_YOUR INSTRUCTIONS_. Retype the material that follows exactly, limited to the lines from the one with "With Clinically Trained" through the one with "Jazz musician (1923–1990)", and keep out all pictures.

_INPUT MATERIAL_.
============================================================
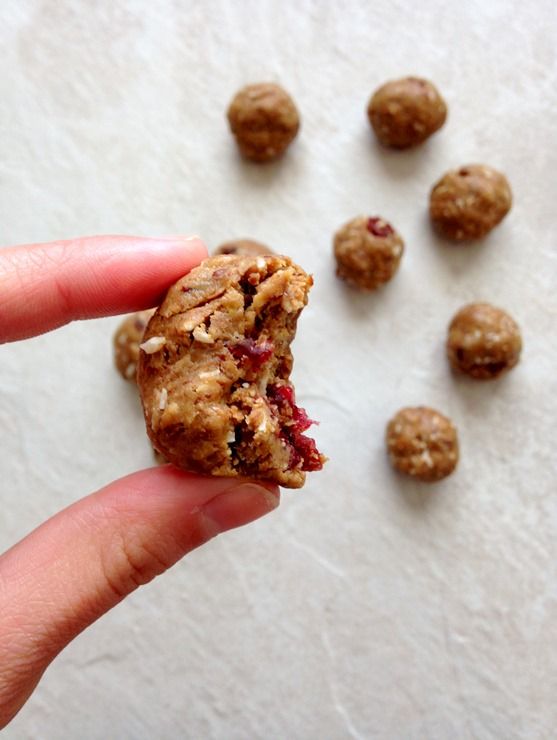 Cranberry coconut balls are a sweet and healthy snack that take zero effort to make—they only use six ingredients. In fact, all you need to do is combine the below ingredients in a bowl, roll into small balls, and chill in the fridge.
============================================================
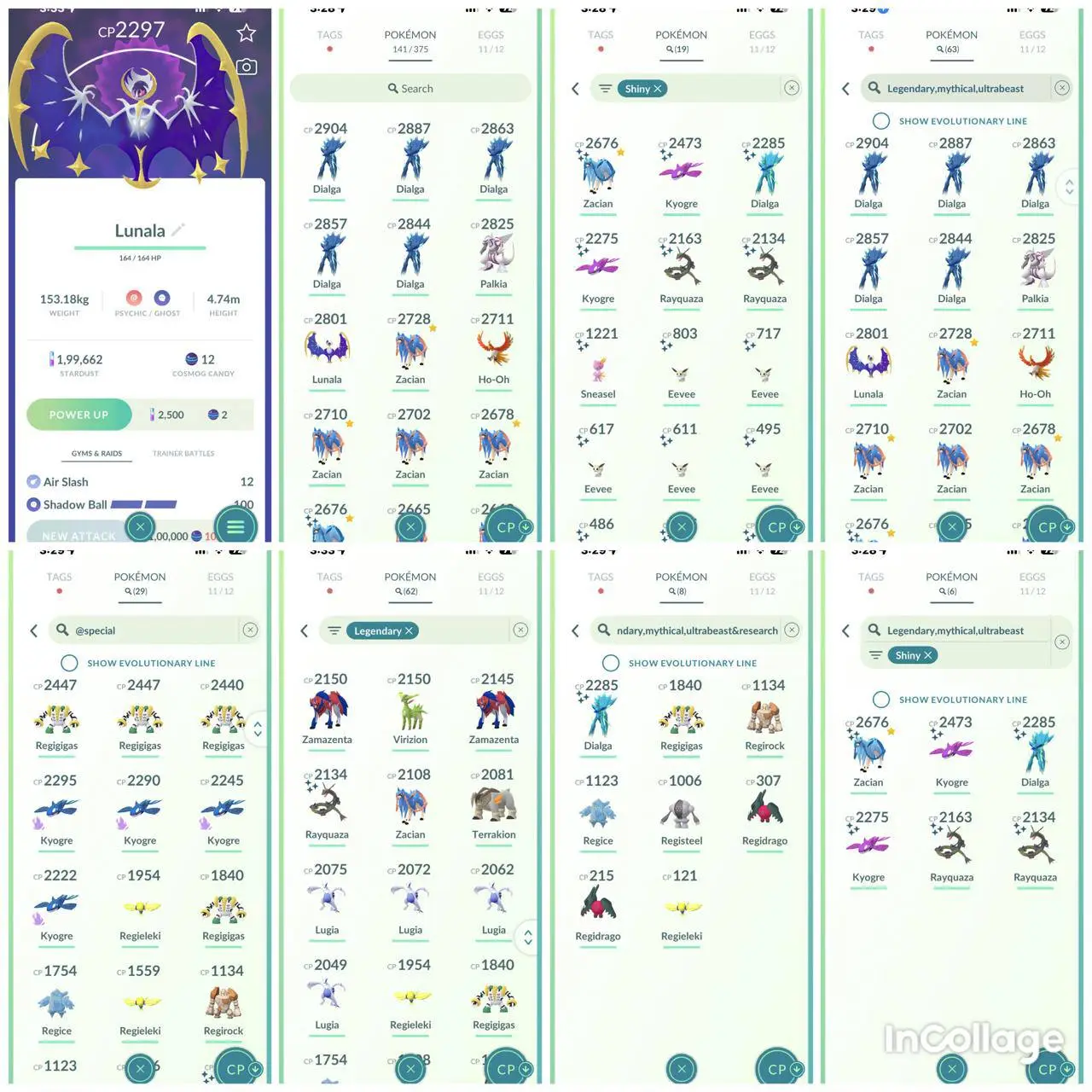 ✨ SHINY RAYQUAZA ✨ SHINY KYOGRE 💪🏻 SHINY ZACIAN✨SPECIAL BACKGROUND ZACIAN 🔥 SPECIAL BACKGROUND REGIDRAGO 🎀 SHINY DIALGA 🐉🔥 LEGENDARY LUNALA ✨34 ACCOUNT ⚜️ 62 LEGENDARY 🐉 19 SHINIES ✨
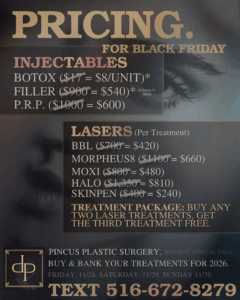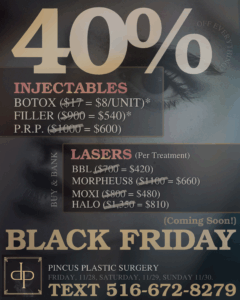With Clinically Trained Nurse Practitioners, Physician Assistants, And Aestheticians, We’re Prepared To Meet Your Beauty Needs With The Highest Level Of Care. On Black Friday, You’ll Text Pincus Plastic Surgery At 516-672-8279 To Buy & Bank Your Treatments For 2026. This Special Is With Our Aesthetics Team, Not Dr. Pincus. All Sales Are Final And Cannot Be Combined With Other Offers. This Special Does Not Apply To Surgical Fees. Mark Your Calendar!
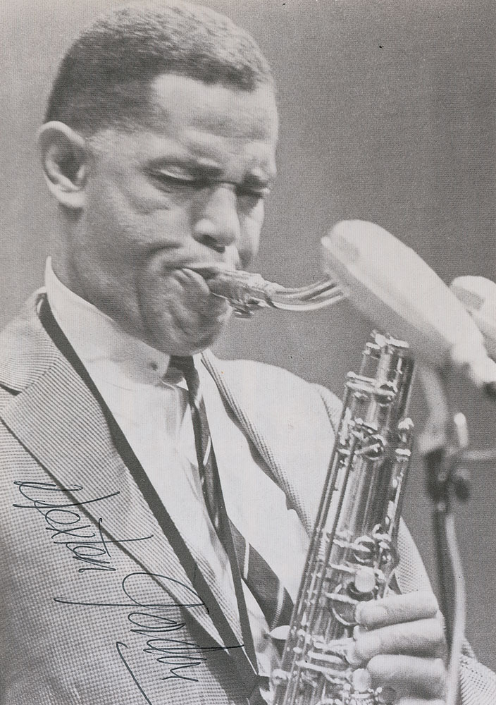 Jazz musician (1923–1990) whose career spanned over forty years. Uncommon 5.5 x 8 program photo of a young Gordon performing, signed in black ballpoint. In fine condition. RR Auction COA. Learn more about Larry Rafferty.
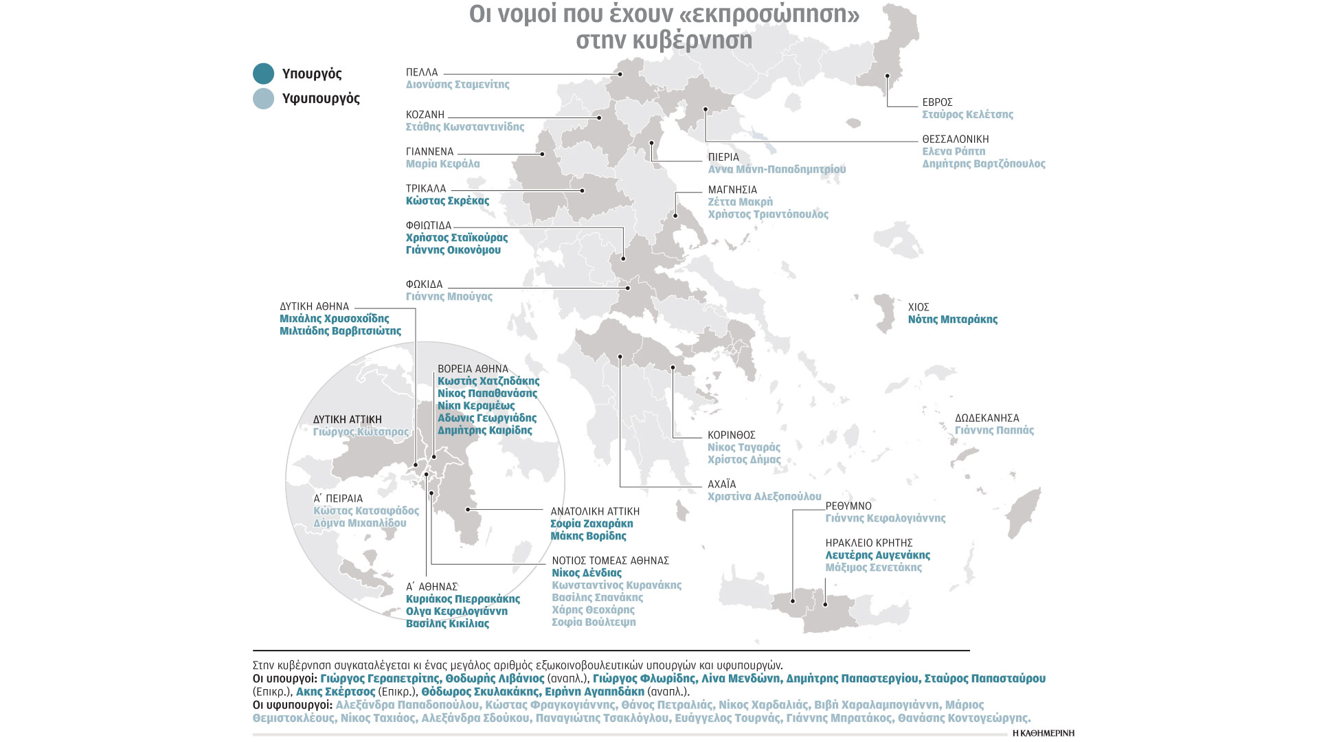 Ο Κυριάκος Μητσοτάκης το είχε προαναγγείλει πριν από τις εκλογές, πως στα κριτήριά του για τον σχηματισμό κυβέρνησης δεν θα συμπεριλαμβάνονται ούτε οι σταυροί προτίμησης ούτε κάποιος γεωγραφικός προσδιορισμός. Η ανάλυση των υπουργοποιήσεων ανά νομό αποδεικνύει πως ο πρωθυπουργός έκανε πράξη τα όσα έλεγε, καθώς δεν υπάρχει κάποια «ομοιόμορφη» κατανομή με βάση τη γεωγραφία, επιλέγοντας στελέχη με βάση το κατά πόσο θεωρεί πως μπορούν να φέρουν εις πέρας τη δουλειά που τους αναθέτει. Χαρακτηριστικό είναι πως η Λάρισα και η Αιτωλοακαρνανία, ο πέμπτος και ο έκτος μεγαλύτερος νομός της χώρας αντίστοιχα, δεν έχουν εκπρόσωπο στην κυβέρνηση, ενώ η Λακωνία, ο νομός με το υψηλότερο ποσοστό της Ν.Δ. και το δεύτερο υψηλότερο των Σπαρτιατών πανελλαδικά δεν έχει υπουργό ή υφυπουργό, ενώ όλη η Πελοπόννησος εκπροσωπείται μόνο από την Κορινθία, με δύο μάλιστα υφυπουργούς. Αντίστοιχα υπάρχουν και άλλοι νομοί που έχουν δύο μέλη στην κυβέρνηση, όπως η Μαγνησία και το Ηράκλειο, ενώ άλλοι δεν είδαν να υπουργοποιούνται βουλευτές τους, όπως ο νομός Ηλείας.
============================================================
_SOLUTION TO THE EXERCISE_.
With Clinically Trained Nurse Practitioners, Physician Assistants, And Aestheticians, We’re Prepared To Meet Your Beauty Needs With The Highest Level Of Care. On Black Friday, You’ll Text Pincus Plastic Surgery At 516-672-8279 To Buy & Bank Your Treatments For 2026. This Special Is With Our Aesthetics Team, Not Dr. Pincus. All Sales Are Final And Cannot Be Combined With Other Offers. This Special Does Not Apply To Surgical Fees. Mark Your Calendar!
 Jazz musician (1923–1990) whose career spanned over forty years. Uncommon 5.5 x 8 program photo of a young Gordon performing, signed in black ballpoint. In fine condition. RR Auction COA. Learn more about Larry Rafferty.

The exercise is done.